Integrin receptor‐selective peptide based targeting reduces immunogenicity and improves vascular delivery of streptokinase

Streptokinase (STK) is used in treating thrombosis; however, immunogenicity and uniform distribution in the body with resulting bleeding complications are major limiting factors. We hypothesized that an integrin‐receptor‐selective peptide based delivery system would reduce immunogenicity and improve vascular delivery of STK. Plain and surface modified ligand anchored liposomes were prepared using reverse phase evaporation method. These were characterized for shape, size, polydispersity index, entrapment efficiency, number of vesicles/mm 3 and in vitro drug release. Liposomal surface was modified by attaching RGD peptide as ligand. Modified liposomes exhibited lower entrapment efficiency (17.7 ± 0.3% vs 20.1 ± 0.2% for conventional liposomes) and released more drug in 48 hours (79.8 ± 2.1%) as compared to conventional liposomes (67.8 ± 3.7%).

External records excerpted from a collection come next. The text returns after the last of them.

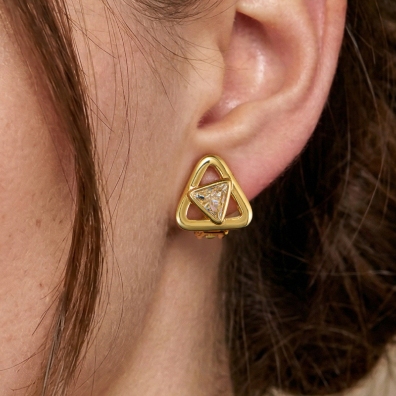 Traveller Oorclips - Verguld - Kristal - 7mm - Driehoek - 15mm - Driehoek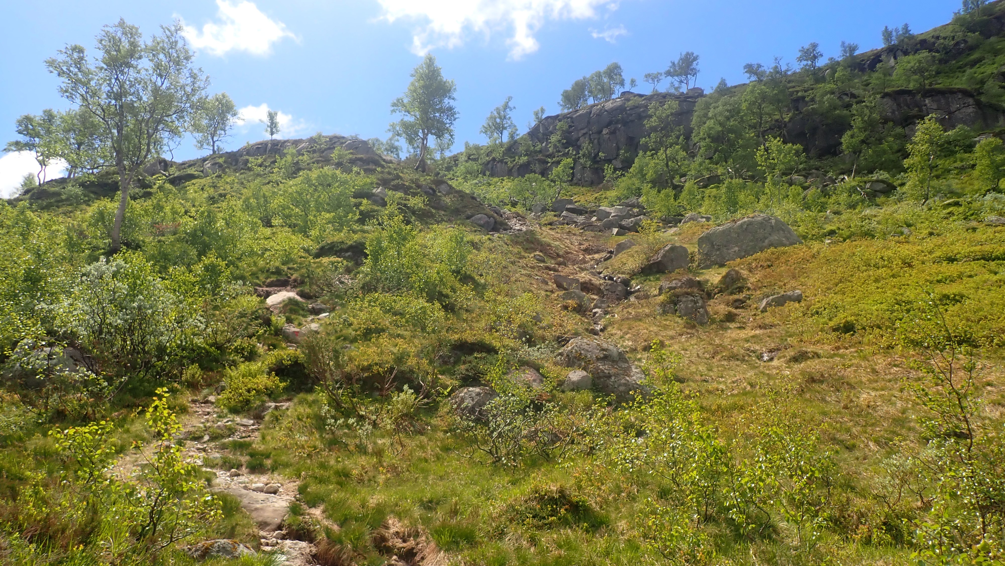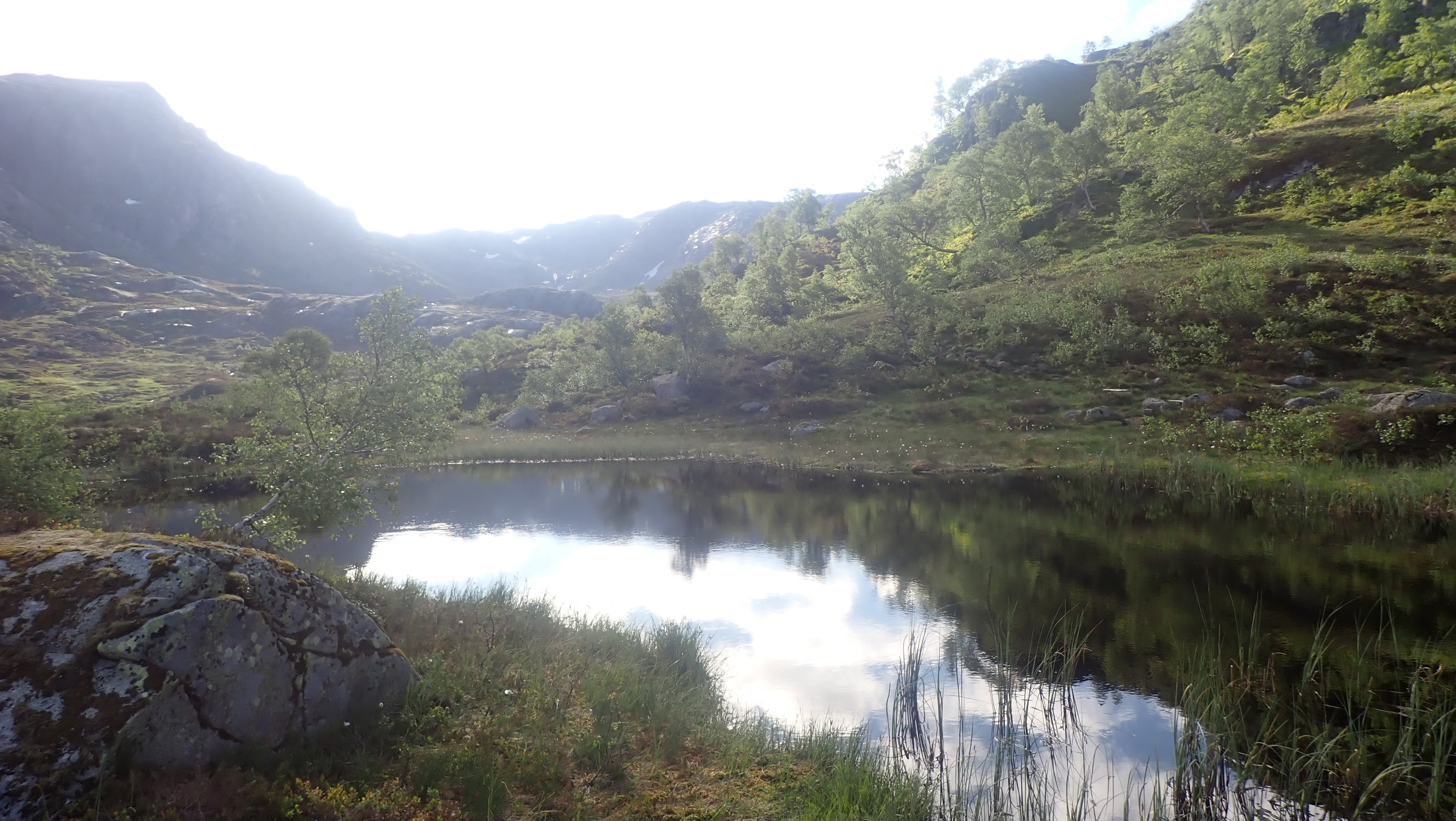 REJOHN Skrevet 14. juni 2024 Skrevet 14. juni 2024 Det ble jobbing i noen timer. Etter å ha vært på Sandsa og gjort rent og tatt av gammelt sengetøy, noe som er en ganske tung jobb, måtte det bli en tur til Blåfjellenden. Det var faktisk en stund siden jeg hadde vært innover. Det ble to turer rett etter hverandre sist, og så måtte det bli en liten pause. Det var 10 dager siden forrige turen. Været får ta skylda for at det også denne uka ble to turer rett etter hverandre. Først til Sandsa og så til Blåfjellenden. Det var snakk om regn alle dager fremover, bortsett fra onsdag og torsdag. Da mente YR det faktisk skulle være bra vær. Her var det bare å komme seg avgårde om jeg ønsket noenlunde vær på turen. Etter en natt hjemme var jeg igjen på vei opp i heia. Det var ingen andre biler, men det var spor i stien. Sporene var antakelig fra dagen før, men det viser at folk vil på tur. Et stykke innover, møtte jeg et par som kom fra hytta. Selv midt i uka var det noen som fant fram til Blåfjellenden. Denne dagen var det bare bestilt en seng. Det kunne bli en ensom tur – som vanlig. Værmelding gjorde at jeg tok ut på tur. Det var meldt ganske bra vær med delvis sol og lite vind. Denne dagen tok yr litt feil. Jeg hadde regn på ruta oppover, men alt på parkeringsplassen tittet sola frem fra skyene. Nede ved hyttebyen, går stien i le av fjellene. Oppe i høyden fikk jeg vinden i ansiktet, og med en temperatur på rundt 5 grader ble det nesten vinterlig. Jeg var glad for å ha med både caps og lette vanter. Det ble ingen kjapp tur innover. Jeg brukte nesten 15 minutter mer enn det jeg brukte på vei tilbake. 2 dager med tung jobbing får ta skylda for at det gikk sakte innover. Nede på hytta ble det på ny jobbing med både støvsuger og vaskebøtte. Det så rett og slett ikke ut på hovedhytta, og «noen» måtte gjøre en jobb. Det hender ganske ofte at jeg kommer til hytta, uten egentlig å ha planer for hva jeg skal gjøre og så dukker det opp en jobb – eller flere, som absolutt må gjøres der og da. Som å vaske gulv og rydde i hovedhytta. Det var så pass kaldt at jeg fyrte opp i ovnen, men da sola kom gjennom satte jeg meg utenfor en stund – i selskap med en fossekall, som hadde oppvisning i tjernet utenfor annekset. Jeg har ikke sett den fuglen oppe ved hytta tidligere. Det kom folk den dagen vi ble 6 stykker tilsammen. Noen kom opp Fidjadalen, og skulle tilbake, andre var på rundtur i Frafjordheiene. Sommersesongen er i gang, selv om det på natta bare var 4 grader utenfor døra. Det er faktisk ikke lenge til sola «snur». Det er nesen lyst hele natta, og nå er både bakken og alle trærne grønne. En virkelig flott årstid, men sørgelig kort. Tidlig på morgenen tittet sola inn vinduet og det ble vanskelig å ligge i senga å se på godværet. Det ble en flott tur tilbake til bilen. Det ble betydelig varmer ut over dagen, og det var antakelig nesten 10 grader da jeg startet opp bakken. Det ble varmt i sola i le av trekken. Oppe i høyden hadde jeg sola i ansiktet og trekken bakfra. Med tørre og greie forhold ble det igjen en fin tur. 6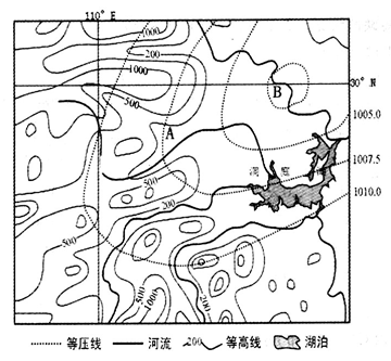 (2)画出A地的风向,并说明A、B两地天气现象的相同点(2分)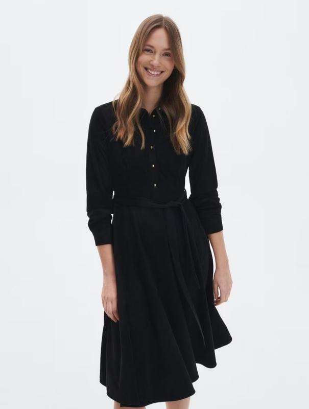 Платье выглядит как велюровое. классический воротник длинные рукава с манжетами застежка на пуговицы спереди завязка на поясе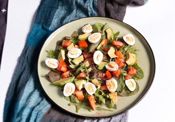 Салат, в котором сочетаются свежие овощи, зелень, насыщенные витаминами и важными микроэлементами перепелиные яйца и авокадо – отличная заправка высоко эффективным топливом в любое время дня для тех, кто любит вкусно, полезно и изысканно.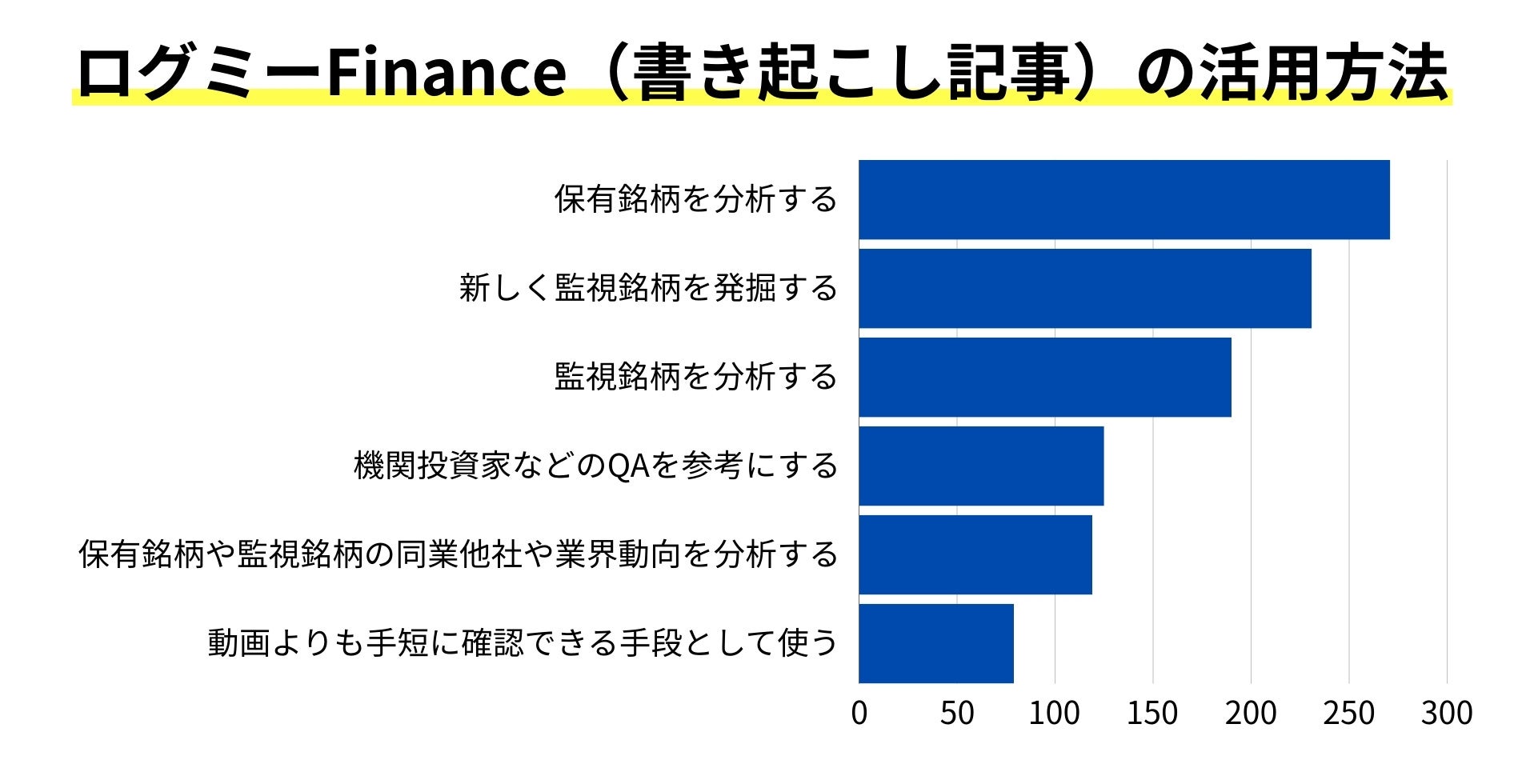 ・所要時間40分の説明会も書き起こしなら10分で読めると言われており、決算説明会の書き起こしから始まったログミーFinanceで根強い人気。・ログミーFinanceの書き起こしは出来高増加に好影響を及ぼす検証結果も出ています。

In ex‐vivo clot penetration studies using fluorescence imaging, ligand conjugated liposomes showed greater penetration in the clot than control. In in vivo studies (BALB/c mice; 28 days), the antibody titer was reduced ( p <0.05) in animals treated with ligand anchored liposomes (0.69 ± 0.14 AU) than those treated with free STK solution (0.81±0.12 AU). In comparison to free STK, the surface modified liposomes resulted in a significant reduction in immunogenicity. In addition the developed delivery system showed higher affinity and better clot penetration than control.